Ce 15 avril 2022, Art Rupe nous a donc quittés, il est vrai à l’âge plus que vénérable de cent quatre ans ! Il naît Arthur Newton Goldberg le 5 septembre 1917 à Greensburg en banlieue de Pittsburgh, Pennsylvanie, et découvre le gospel dans une église afro-américaine de son quartier. En 1939, il s’installe à Los Angeles et entre à la fameuse université de Californie, où il compte tracer son chemin dans l’industrie du cinéma. Mais la Seconde Guerre mondiale le rattrape, et il se retrouve sur un chantier naval à l’entretien des Liberty ships, ces cargos affectés au transport de troupes et de matériel…
Le jeune entrepreneur, qui semble également changer de nom à ce moment-là, Goldberg devenant Rupe, décide de se tourner vers la musique. Il achète pour deux cents dollars de disques de musiques afro-américaines, qu’il étudie attentivement pour déterminer les styles susceptibles d’être les plus vendeurs. Après un premier essai au sein de la petite marque Atlas, qui sera quand même la première à enregistrer les Johnny Moore’s Three Blazers, il s’associe avec Ben Siegert pour fonder Juke Box en 1944. Malgré la présence d’artistes comme Roosevelt Sykes et Roy Milton, ainsi que des ventes encourageantes, Rupe préfère poursuivre l’aventure seul et lance l’année suivante (ou en 1946, les sources varient) un nouveau label, Specialty.

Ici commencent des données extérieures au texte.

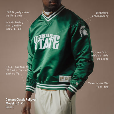 With an arched "Kentucky" wordmark and the roaring Wildcat logo UK fans know and love, our Kentucky Campus Classic Pullover redefines nostalgia. We carefully recreated windbreaker-style satin pullovers from the late '80s and '90s -- you know, the same kind you stole out of your parents' closets to wear to the game -- to create a new, retro-inspired pullover that'll get scooped up out of your closet someday.
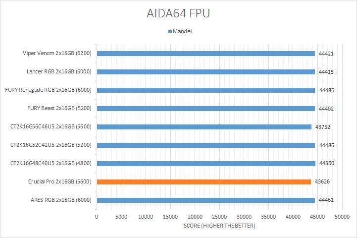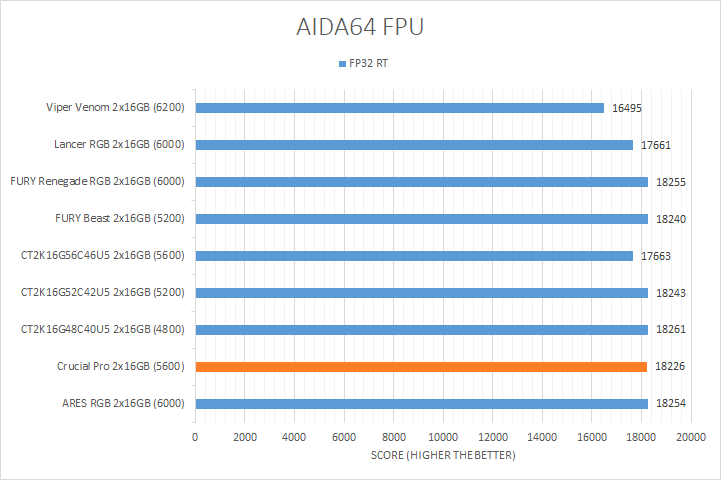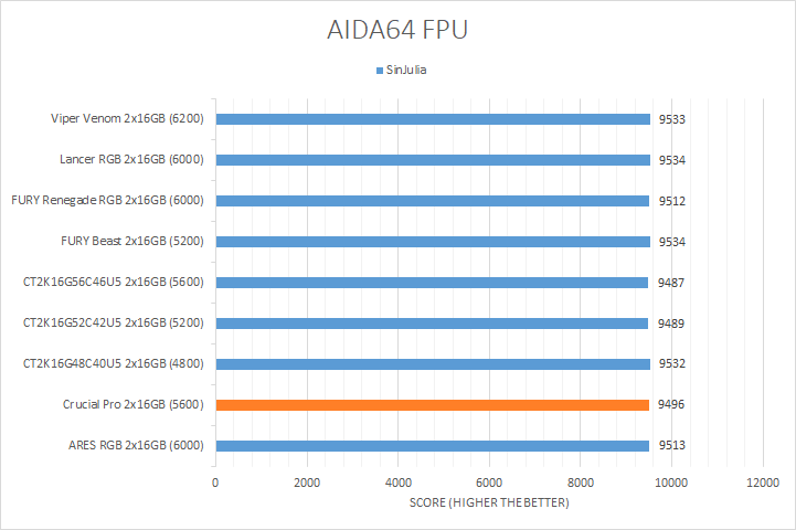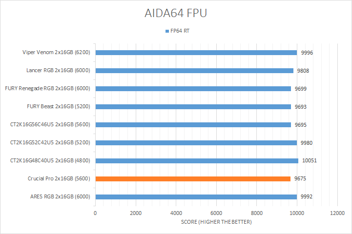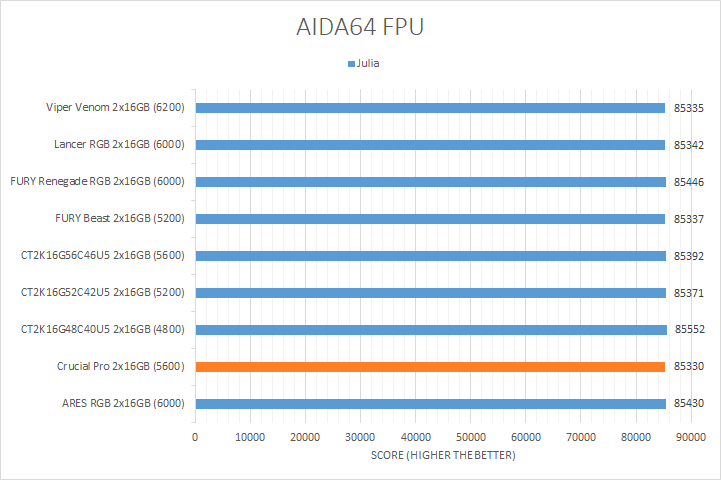 Our second set of AIDA64 tests, the FPU benchmarks, are often the most uneventful results, because they rarely provide much difference between memory kits and instead the results are more dependent on the processor. This is mostly true, as the first three tests showed results with little variance between the tested memory. However, it changed with the floating point 32 and 64 ray tracing tests, as we had more differences in the results. The Crucial Pro DDR5-5600 2x16GB was near the back half of our results, especially when compared to the other kits running at the same transfer speeds and the non-Pro Crucial memory. For the floating point 32 and 64 ray tracing tests, the Crucial Pro was in the lower half of all the results. Overall, the numbers here ere within the ballpark range of what you might expect from DDR5 memory.

Au catalogue, apparaissent rapidement des formations de gospel et de R&B (The Southern Harmonizers et Joe Lutcher), deux genres très présents dans les premières années de Specialty. En outre, concernant le gospel, il ne s’agit pas des premiers venus car on relève les noms des Pilgrim Travelers, de Brother Joe May, des Soul Stirrers (le sublime Jesus gave me water sera en 1951 leur premier hit avec Sam Cooke au chant lead) et des Swan Silverstones. Et c’est comparable côté R&B avec encore Roy Milton, Camille Howard, Jimmy Liggins, Wynona Carr, Don et Dewey (que nous évoquons dans le numéro 246 de Soul Bag actuellement en vente), etc. Les bluesmen sont moins nombreux, mais on note quand même des artistes renommés dont Smokey Hogg, Big Maceo, Percy Mayfield (Please send me someone to love en 1950), Floyd Dixon, Guitar Slim (The things that I used to do en 1953)… En 1957, Sam Cooke retrouve Rupe, qui est donc à l’origine de sa « deuxième » carrière dans la musique séculière et bien sûr la soul.
Le propriétaire de Specialty jouera également un rôle essentiel dans l’émergence du rock ‘n’ roll en découvrant tout d’abord Lloyd Price (Lawdy Miss Clawdy en 1952 avec Fats Domino au piano !). Ce sera ensuite Little Richard avec des standards comme Tutti frutti (1955), Long tall Sally (1956), Lucille et Keep a knockin’ (1957), Good Golly Miss Molly (1958, même si Big Maybelle l’avait déjà gravée trois ans plus tôt)… Ceci dit, même si on a connu pire dans le domaine, il convient de se souvenir que Rupe versait des royalties à un taux très bas. Richard dut ainsi céder les droits de Tutti frutti pour cinquante dollars, chaque disque lui rapportant ensuite un demi-cent. En 1959, il entama une action en justice et récupéra 11 000 dollars. À partir des années 1960, Rupe s’éloigne du monde de la musique et se consacre davantage à des investissements dans le pétrole. Il attend 1990 pour vendre Specialty à Fantasy, ces deux marques appartenant aujourd’hui au groupe Concord, ce qui permet que le catalogue soit réédité. Quant à Art Rupe, il aura joué un rôle notable dans le domaine des musiques afro-américaines dans les années 1950, à une époque où elles étaient en pleine évolution.